§ Source records:
--- START ---

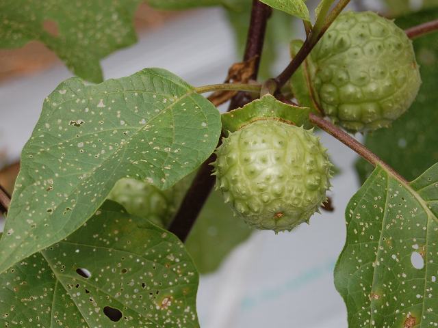 花の後にできる実は球形のさく果(熟すると下部が裂け、種子が散布される果実)で、短い棘がたくさん生える。
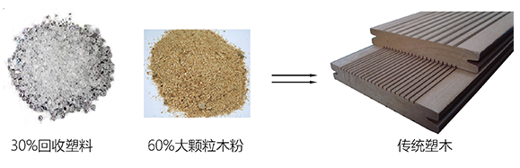 30%左右回收塑料+60%顆粒較大的木粉甚至是木屑,添加一定助劑混合而成。
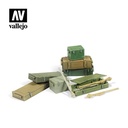 Seven metal cases of different sizes and designs, used for the transport and storage of military equipment.
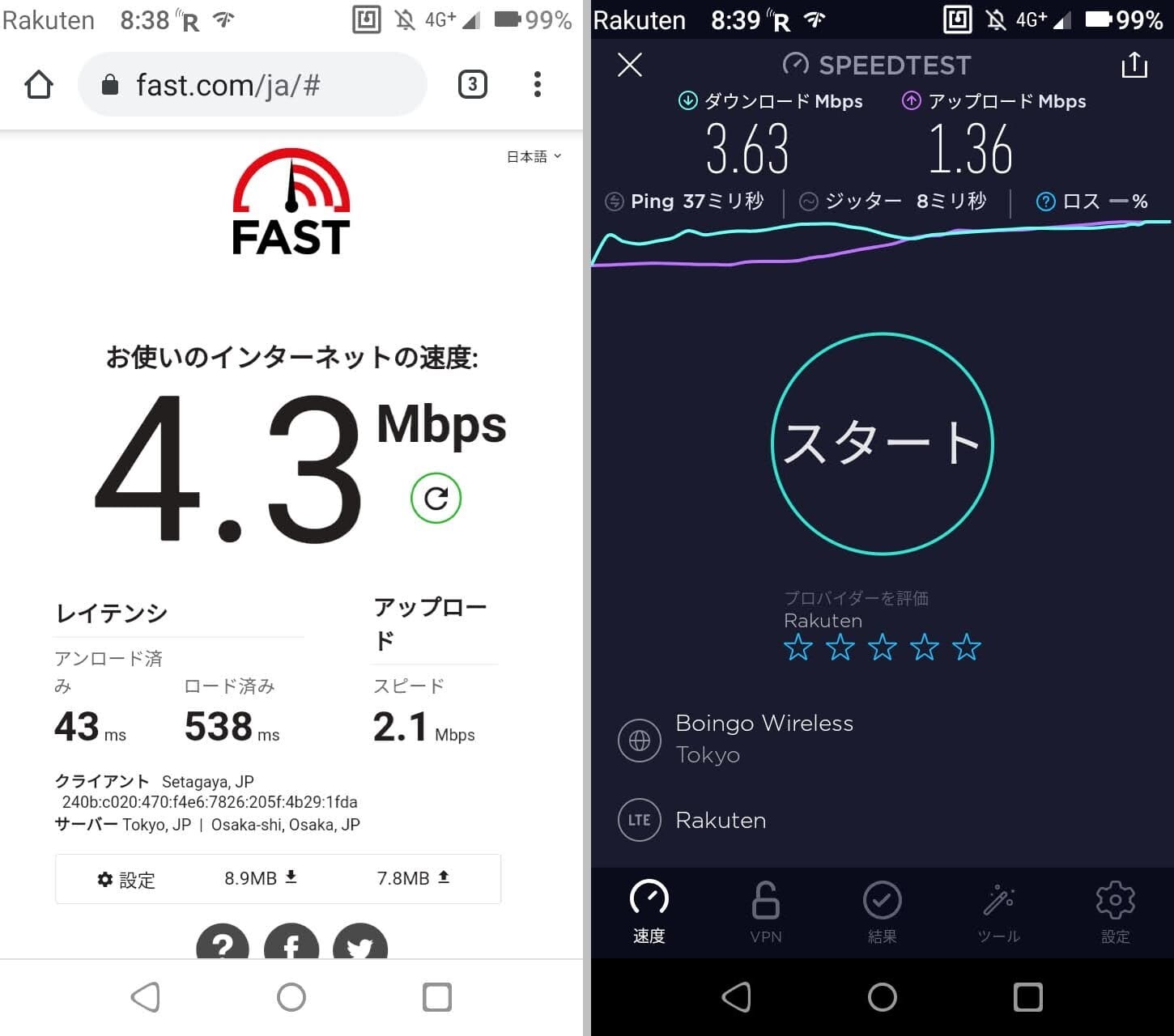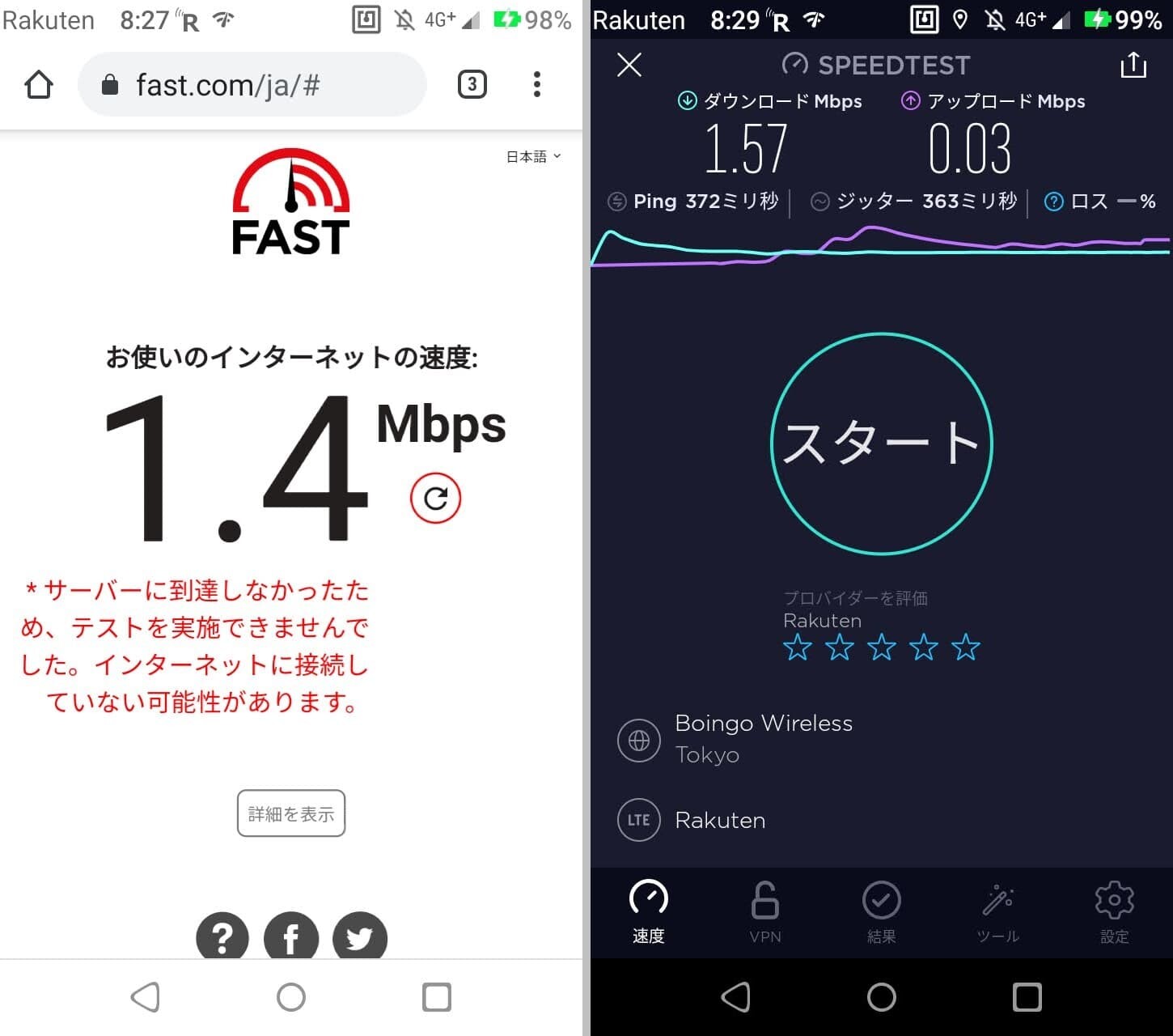Band3に固定して室内でスピードテストを実施。下りは1.4Mbps程度。上りはほぼ計測できないレベルで、Fast.comではエラーとなりました。室内まで電波が浸透せず、ほとんど圏外に近い状態です。
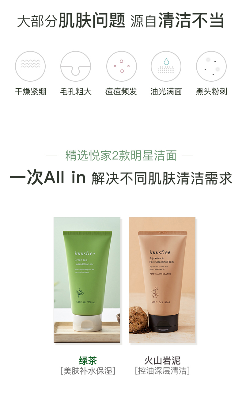 悦诗风吟innisfree火山岩泥毛孔清洁洗颜乳,是一款控油型的洁面乳,富含济州火山岩泥原料,能有效吸附皮脂污垢;丰富稠密的泡沫,帮助干净清洁面部妆容残留物及污垢,洗完后肌肤水润不易紧绷。

--- END ---

§ Work order:
What the answer needs is every line from the one with "Seven metal cases" through the last line of the data, reproduced word for word and with pictures omitted.

§ Task result:
 Seven metal cases of different sizes and designs, used for the transport and storage of military equipment.
Band3に固定して室内でスピードテストを実施。下りは1.4Mbps程度。上りはほぼ計測できないレベルで、Fast.comではエラーとなりました。室内まで電波が浸透せず、ほとんど圏外に近い状態です。
 悦诗风吟innisfree火山岩泥毛孔清洁洗颜乳,是一款控油型的洁面乳,富含济州火山岩泥原料,能有效吸附皮脂污垢;丰富稠密的泡沫,帮助干净清洁面部妆容残留物及污垢,洗完后肌肤水润不易紧绷。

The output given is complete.